Генерал попытался восстановить свою честь, потому что ему с опозданием кое-что пришло в голову.
— Воля теперь в большой моде, — сказал он. — В связи с патриотической акцией мы тоже много занимаемся этой проблемой.
Кларисса улыбнулась ему и вытянула руки, чтобы снять с них напряжение.
— Когда приходится так ждать, чувствуешь предстоящее каждой жилкой, словно ты смотришь в подзорную трубу, — ответила она.
Штумм фон Бордвер подумал, он не хотел снова ударить лицом в грязь.
— Верно! — сказал он. — Это связано, может быть, с современной физической культурой.

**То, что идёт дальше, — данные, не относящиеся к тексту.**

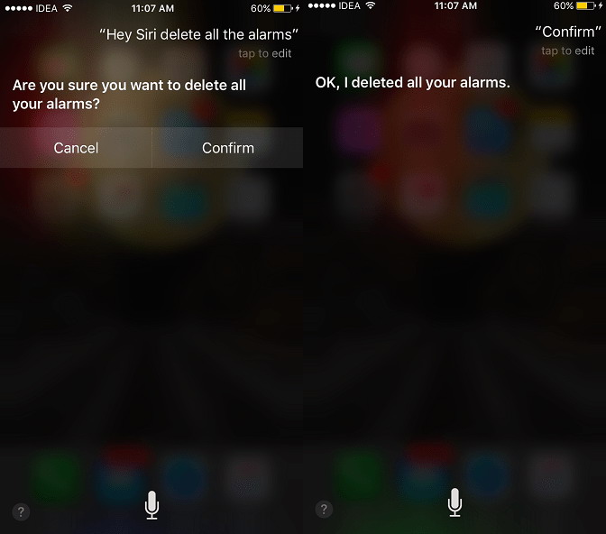 2. Dites à Siri de Supprimer toutes les alarmes.
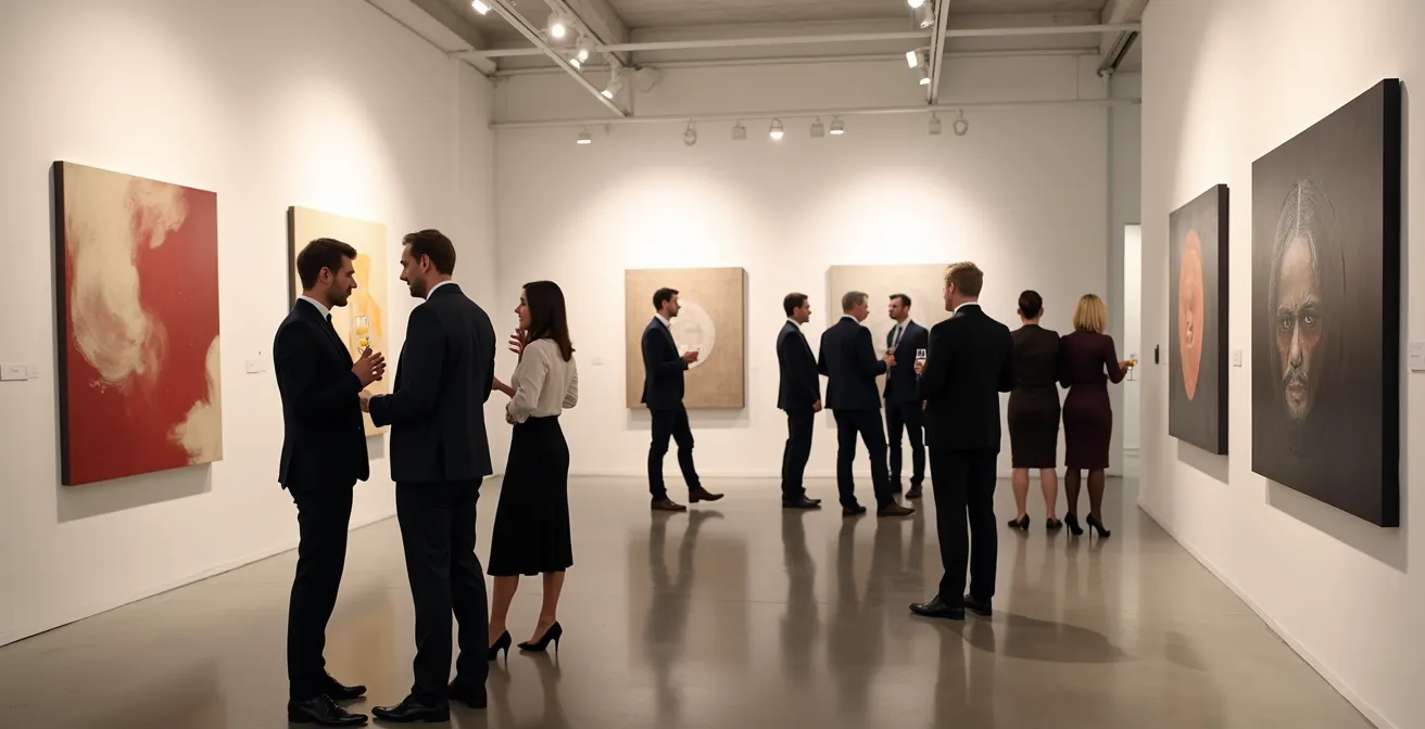 Die wirklich wertvollen Kontakte werden oft nicht bei der öffentlichen Vernissage geknüpft, sondern bei den exklusiven Pre-Openings oder Sammler-Dinners. Hier treffen sich die Gatekeeper der Szene: einflussreiche Sammler, Kuratoren und die Galeristen selbst. Auf diese Gästelisten zu kommen, ist der entscheidende Schritt, um vom passiven Beobachter zum aktiven Teilnehmer zu werden. Dies erfordert eine proaktive Strategie, die über das reine Besuchen von Ausstellungen hinausgeht.
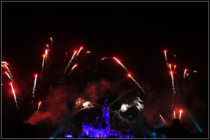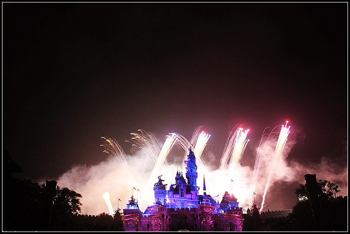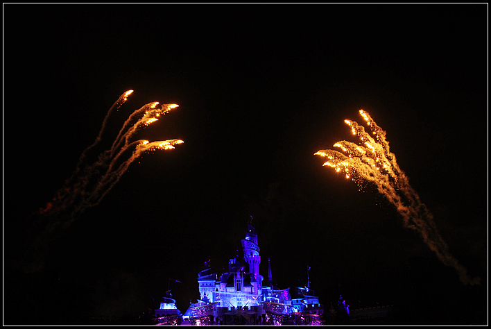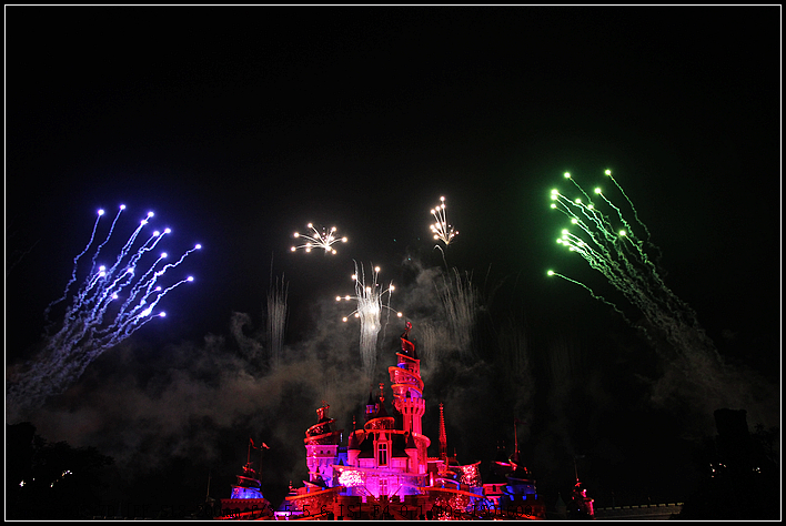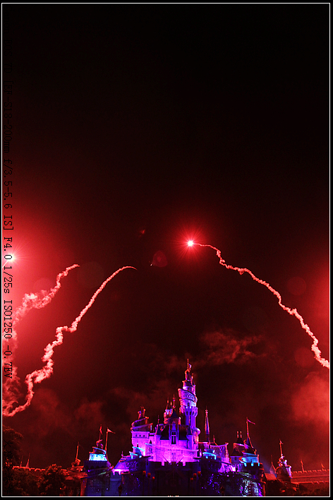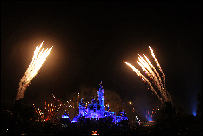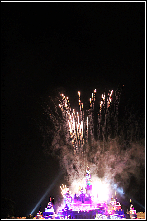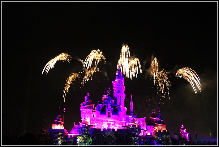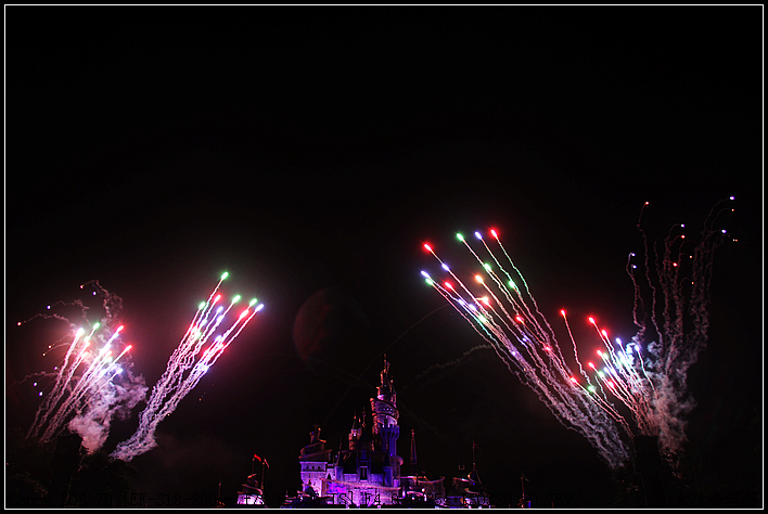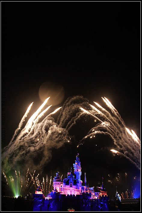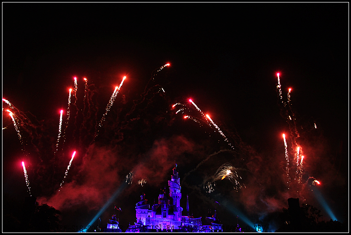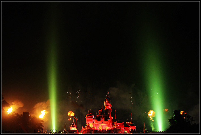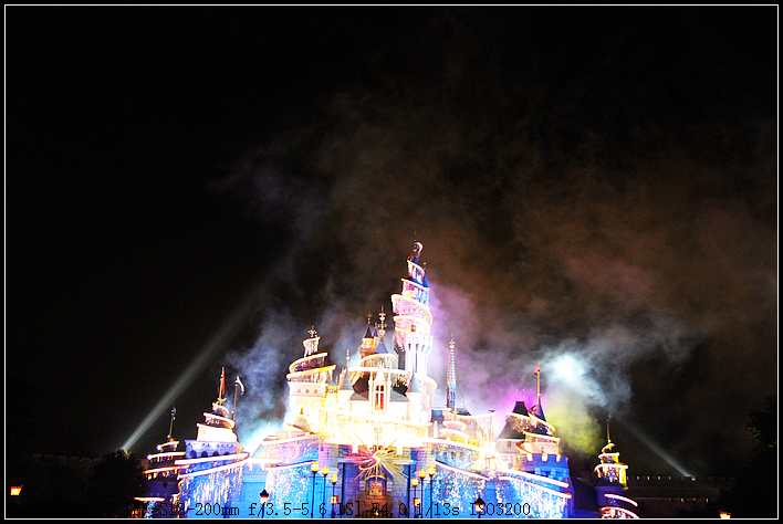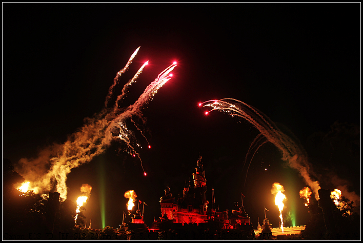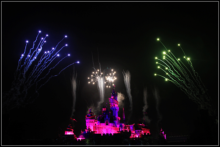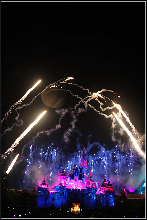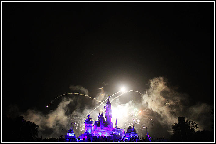 城堡入口正好直对着旋转木马。。演出开始时,木马也停止转动了。。

Ею мы тоже занимаемся!
Тут нагрянул надворный советник со свитой ассистентов и учениц, он был очень любезен, особенно со Штуммом, сказал что-то о каком-то неотложном деле и выразил сожаление по поводу того, что должен, вопреки своему намерению, ограничиться этим приветствием и не проведет их по клинике сам. Он представил им доктора Фриденталя, который сделает это вместо него. Доктор Фриденталь был высокого роста, строен, чуть рыхловат, обладал пышной шевелюрой, и когда его представляли, улыбался, как акробат, который взбирается по стремянке, чтобы исполнить смертельный прыжок. Шеф удалился, и принесли халаты.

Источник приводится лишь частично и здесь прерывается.